Read more: Caught between government, builders and contractors, workers court hunger and misery
- In the case of educational aid, the Council has changed the rules to limit educational aid to students enrolled in regular courses at recognized institutions physically located in Karnataka. Accordingly, although funds are not a constraint, students enrolled in distance learning courses, home study courses, online courses, etc. were not eligible. The Council cited the expansion of aid to education as the reason for this amendment. This explanation was not convincing as it resulted in restricting the scope of assistance and was particularly detrimental to the interests of the migrant population.
- Continued failure to obtain exemption under the Computers Act 1961 resulted in avoidable tax liability totaling Rs 2,358.94 crore for the financial years 2011-12 to 2017-18. Funds to this extent could therefore not be used for the purpose for which they were intended.

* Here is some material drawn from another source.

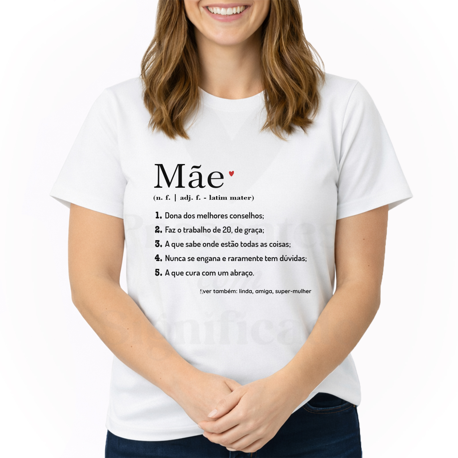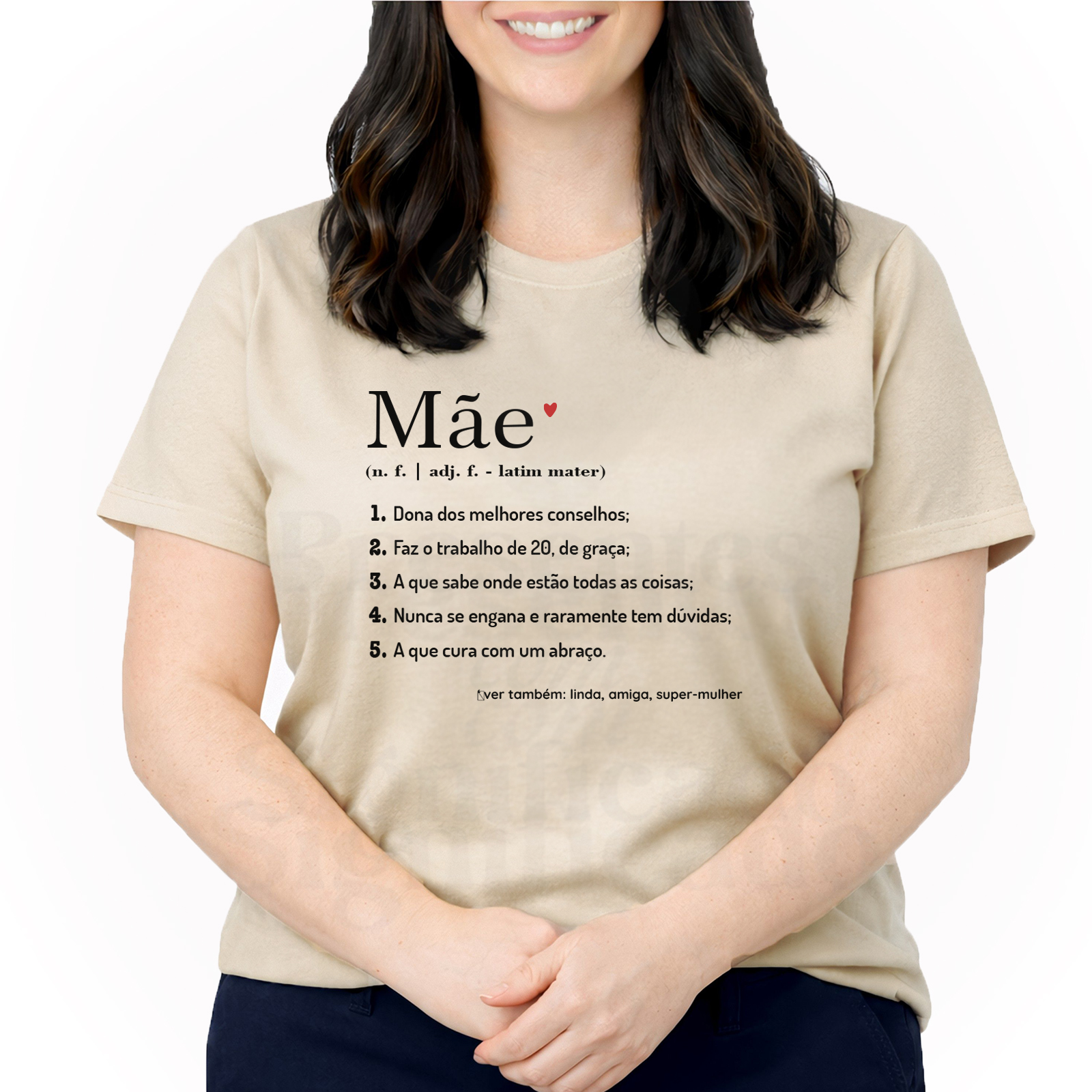 T-shirt 100% algodão de 190g personalizada com a definição de Mãe. Pode colocar as suas próprias definições ou alterar algum dos pontos.

- Institutional mechanisms were weak – non-constitution of the State Advisory Committee, delays in developing framework and recruitment rules, 36% vacancy in ALC/OL cadres, absence of internal audit mechanism and grievance settlement. This had a negative impact on the registration of establishments/workers and caused undue delays in the processing of applications.
- Although it committed Rs 1.66 crore for the development of registration/renewal software etc., the Council had no software to provide better services to workers and monitor the use of funds.
The state government acknowledged the findings and accepted recommendations such as a special campaign to register unregistered workers by linking to ration cards, Jan Dhan Yojana, state RERA data, etc.
The audit report that was filed in the state legislature on December 9, 2020 can be accessed here.
[The authors are from the Indian Audit and Accounts Service. Views are personal.]